→ **Exercise requirements**: Below are entries. Reproduce exactly the lines between the line holding "Members of the Cyclepia Kishiwada BMX Club" and the line holding "Coram House - Proposed Roof Plan", inclusive, and only those.

=== Data excerpts ===

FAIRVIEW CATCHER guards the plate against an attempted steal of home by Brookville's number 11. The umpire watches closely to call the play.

===
=== Data excerpts ===

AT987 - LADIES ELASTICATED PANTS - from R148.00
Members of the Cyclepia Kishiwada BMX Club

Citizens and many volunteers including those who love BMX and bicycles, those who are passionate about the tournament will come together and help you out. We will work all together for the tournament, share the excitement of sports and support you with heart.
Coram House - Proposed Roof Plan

===
=== Data excerpts ===

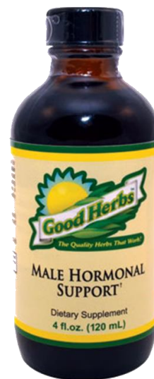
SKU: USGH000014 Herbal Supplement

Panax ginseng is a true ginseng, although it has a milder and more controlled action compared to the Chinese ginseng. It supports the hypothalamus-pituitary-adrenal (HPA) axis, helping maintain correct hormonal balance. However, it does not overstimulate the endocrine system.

===

→ **Exercise output**:
Members of the Cyclepia Kishiwada BMX Club

Citizens and many volunteers including those who love BMX and bicycles, those who are passionate about the tournament will come together and help you out. We will work all together for the tournament, share the excitement of sports and support you with heart.
Coram House - Proposed Roof Plan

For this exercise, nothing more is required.